It is a block diagram of the radiographic imaging system of 1st Embodiment of this invention. FIG. 2 is a configuration block diagram including a console, a first imaging device, a second imaging device, and a third imaging device shown in FIG. 1. It is an internal block diagram of an electronic cassette. It is a circuit block diagram of the radiation conversion panel of 1st Embodiment of this invention. It is a block diagram including a console, a first imaging device, a second imaging device, and a third imaging device according to the radiographic image capturing system of the second embodiment of the present invention.
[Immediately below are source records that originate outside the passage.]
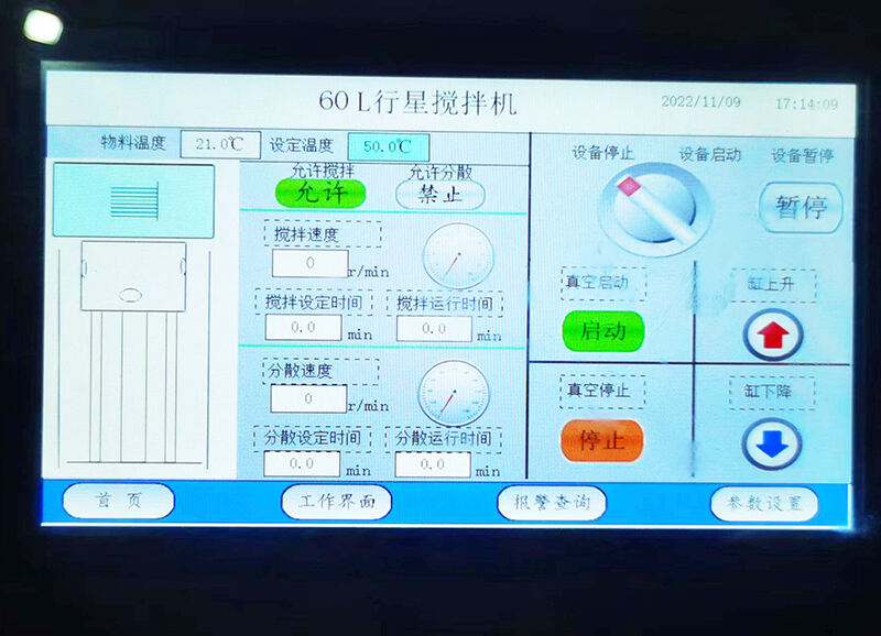 This vacuum double planetary mixer is also equipped with a vacuum system, which can maintain a vacuum state in the tank during the mixing process. This vacuum function effectively avoids chemical reactions between the materials and oxygen in the air, and ensures the quality and stability of the mixture. In addition, the vacuum system can also eliminate bubbles generated during mixing, further improving the mixing effect. During the mixing process, a heating and cooling device can be used to heat or cool the mixture according to the material features or process requirements.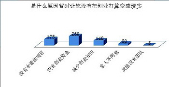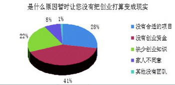 是什么原因暂时让创业者没有把创业打算变成现实 图表分析:41%的打算创业者因为缺少创业资金而暂未创业,28%的打算创业者因为没有合适的项目而暂时没有将创业想法转化为现实,22%的人是因为缺少创业知识。所以,想创业而暂未创业的人,如何获取创业资金成为关键。如何帮助这些人发掘合适的创业项目及传授创业方面的知识也尤为重要。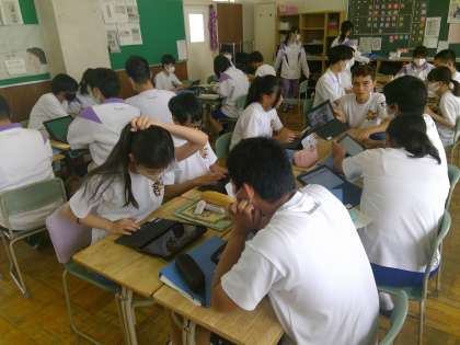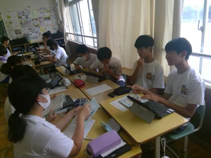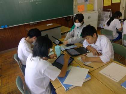修学旅行で学んできたことをふり返り、班ごとにプレゼン作成に取り組む3年生の生徒たち。活動している様子はじつに楽しそうに笑顔いっぱいでした。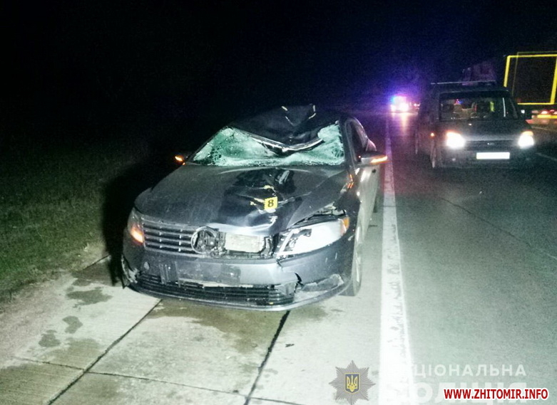 «За попередньою інформацією, водій автомобіля Volkswagen SS, 42-річний житель м. Києва, вчинив наїзд на пішохода, який перебігав дорогу. Унаслідок ДТП чоловік загинув на місці події. Поліцейські встановили, що загиблий - житель м. Коростеня, 1982 р.н», - повідомили у поліції.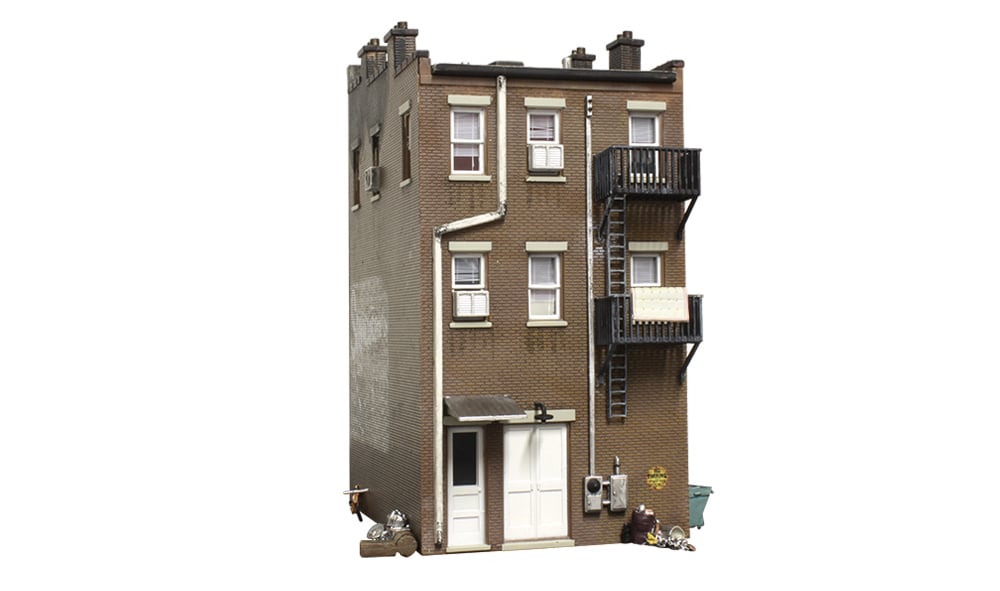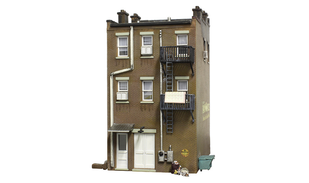 Betty's is a great building to use at the center of an action-packed layout scene. This three-story brick building includes flickering lighting effects that effectively create the illusion of an actively burning building. Custom painting and weathering add the finished touch of a scorched look. There are loads of details and scene-setting accessories, such as signage, a bicycle leaning up against the side of the building, dumpster, wrought iron fire escapes, window treatments and lots more! See photos for footprint.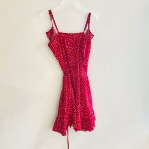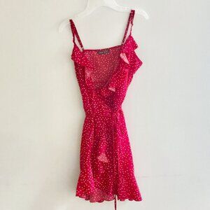 Red polka dot mini wrap dress with adjustable straps and a flattering wrap style. The playful polka dot pattern adds a vintage touch, while the ruffled hem enhances adds some flare. Perfect for summer outings or casual gatherings, this dress is a must-have for adding a splash of color to your wardrobe.

It is a block diagram of the configuration of the electronic cassette relating to the radiographic imaging system of the second embodiment of the present invention.

Explanation of symbols

10, 10A ... Radiation imaging system 12 ... HIS
DESCRIPTION OF SYMBOLS 14 ... RIS 16 ... Console 18 ... 1st imaging device 20 ... 2nd imaging device 22 ... 3rd imaging device 24 ... In-hospital network 42, 112 ... Control part 44 ... Operation setting part 46 ... Imaging instruction information memory 48 ... Imaging instruction information Setting unit 50, 50A ... Image processing unit 52, 108 ... Image memory 54 ... Display unit 55, 64, 106 ... Imaging position information memory 58 ... Radiation source control unit 60, 60A ... Electronic cassette 62 ... Loading detection unit 66 ... Transmission / reception unit 102, 102A ... processing unit 104 ... transmission / reception unit 110 ... magnification adjustment unit

Claims (10)

An imaging position information holding means for holding imaging position information for the subject of a radiation converter that is installed on the imaging table and detects radiation transmitted through the subject and converts it into image information;
Shooting position information acquisition means for acquiring the shooting position information from the shooting position information holding means;
Magnification adjustment means for adjusting the image magnification of the image information based on the acquired shooting position information;
A radiographic imaging system comprising: In the radiographic imaging system of Claim 1,
The radiographic image radiographing system, wherein the radiographing position information acquiring unit is an radiographing table identifying unit that identifies the radiographing table on which the radiation converter is installed. The radiographic imaging system according to claim 2,
The radiation image capturing system, wherein the radiation converter includes the imaging table specifying means. In the radiographic imaging system of Claim 3,
The radiation image capturing system, wherein the radiation converter includes the magnification adjusting unit. In the radiographic imaging system of Claim 1,
A processing device for processing the image information acquired from the radiation converter;
The radiographic imaging system, wherein the processing device includes the imaging position information acquisition unit and the magnification adjustment unit. In a radiation converter that detects radiation transmitted through a subject and converts it into image information,
An imaging position information holding means for holding imaging position information for the subject of the radiation converter installed on the imaging table;
The radiation converter, wherein an image magnification of the image information is adjusted by the imaging position information. The radiation converter according to claim 6, wherein
A radiation converter, comprising: a magnification adjusting unit that adjusts an image magnification of the image information based on the imaging position information. The radiation converter according to claim 6, wherein
A radiation converter comprising receiving means for receiving the imaging position information. The radiation converter according to claim 7, wherein
Transmission means for transmitting the image information and the shooting position information to a processing device;
The radiation converter, wherein the processing device adjusts an image magnification of the image information. In a photographic stand where a radiation converter that detects radiation transmitted through a subject and converts it into image information is installed,
Loading detection means for detecting that the radiation converter is loaded;
Imaging position information holding means for holding imaging position information for the subject of the radiation converter to be loaded;
With
An imaging table, wherein an image magnification of the image information is adjusted by the imaging position information.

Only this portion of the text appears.